Insurance sector ill-equipped to innovate



Australia's insurance sector is not properly preparing itself to innovate for the future, with fewer than half of insurance companies adopting a formal innovation strategy, according to KPMG.

In a recent KPMG global survey and report – titled A new world of opportunity: The insurance innovation imperative – it was found that although 83 per cent of insurance firms acknowledge that innovation and success are interrelated, only 43 per cent of Australian respondents have an innovation budget.

“Rapid innovation has created significant challenges for insurers, with 48 per cent saying that their organisations are already experiencing disruption from new, more nimble competitors,” KPMG head of insurance Martin Blake said.

“The insurance industry will need to lift its game if it wants to increase innovation and fend off disruptors.”

The report found that Australian insurers’ growth strategies are focused on “enhancing existing products and services”. It also found that Australian firms are more likely to grow as a result of focusing on new customers with existing products, rather than through developing new products.

“The insurance industry seems caught in the innovator’s dilemma – much of the focus is on expanding products for existing customers or marketing current products to new customers,” Mr Blake said.
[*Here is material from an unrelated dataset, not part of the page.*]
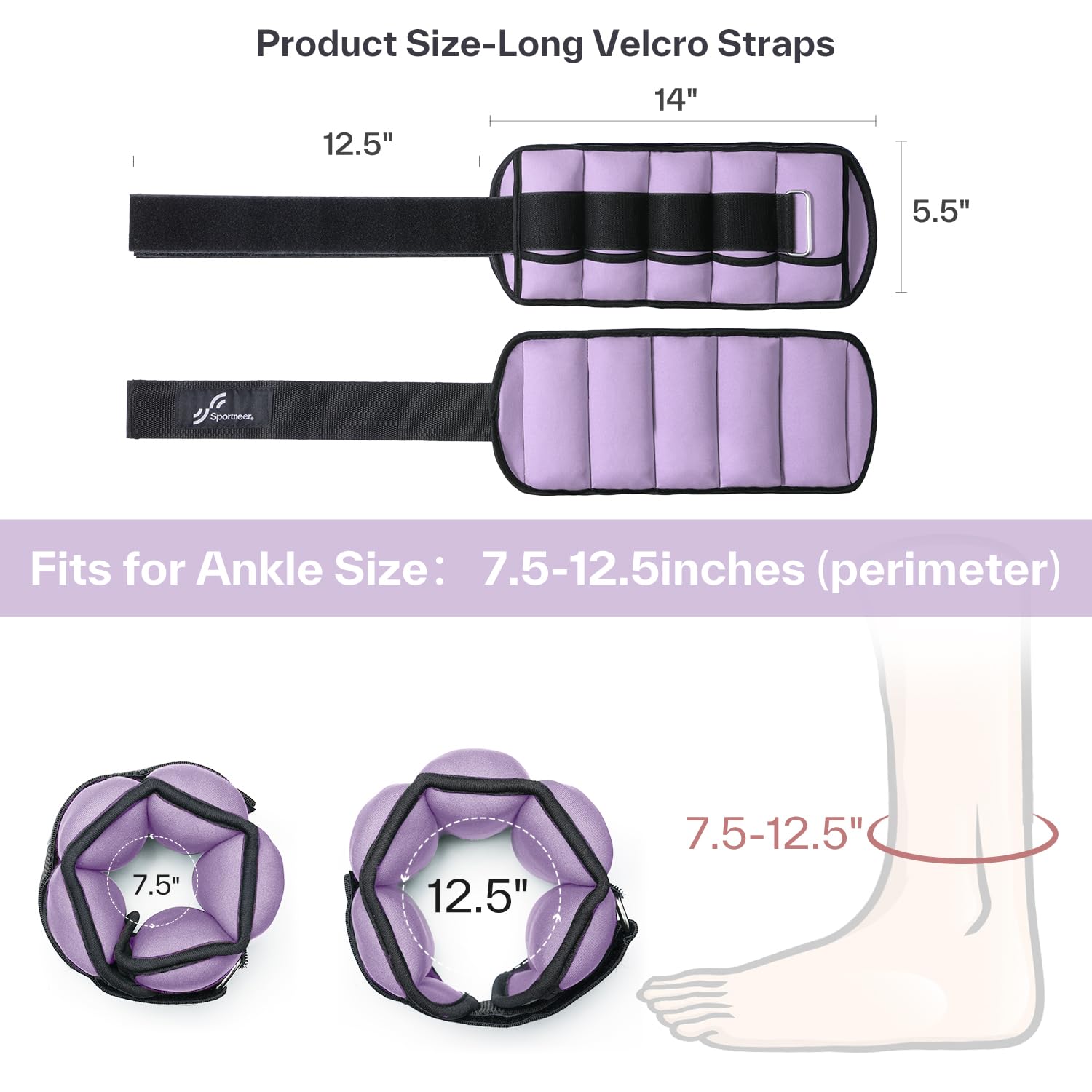 ONE SIZE FITS MOST ANKLES: The ankle weights feature long velcro straps(about 12.5inch), ensuring a comfortable and secure fit for size of ankle from 7.5 to 12.5 inches(perimeter)

“Organisations will need to navigate their own path through this new world of opportunity, developing new business and operating models and new partnerships in order to out-compete and out-innovate their peers and bold new entrants.”
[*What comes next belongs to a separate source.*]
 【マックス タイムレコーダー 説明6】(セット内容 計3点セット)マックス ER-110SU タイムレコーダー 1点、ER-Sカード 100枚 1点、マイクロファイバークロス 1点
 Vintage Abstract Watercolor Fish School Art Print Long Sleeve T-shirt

Compared with their global counterparts, however, Australian insurers saw more opportunities in digital technology.

Over the past five years, Australian firms were more likely to have implemented cultural change programs, internal crowdsourcing and employee competitions to source ideas.

"While many respondents collaborate with other companies and have partnerships with academics or other industries, many also look internally for ideas," said Mr Blake.

The KPMG survey recorded responses from 280 insurance firms across 20 countries.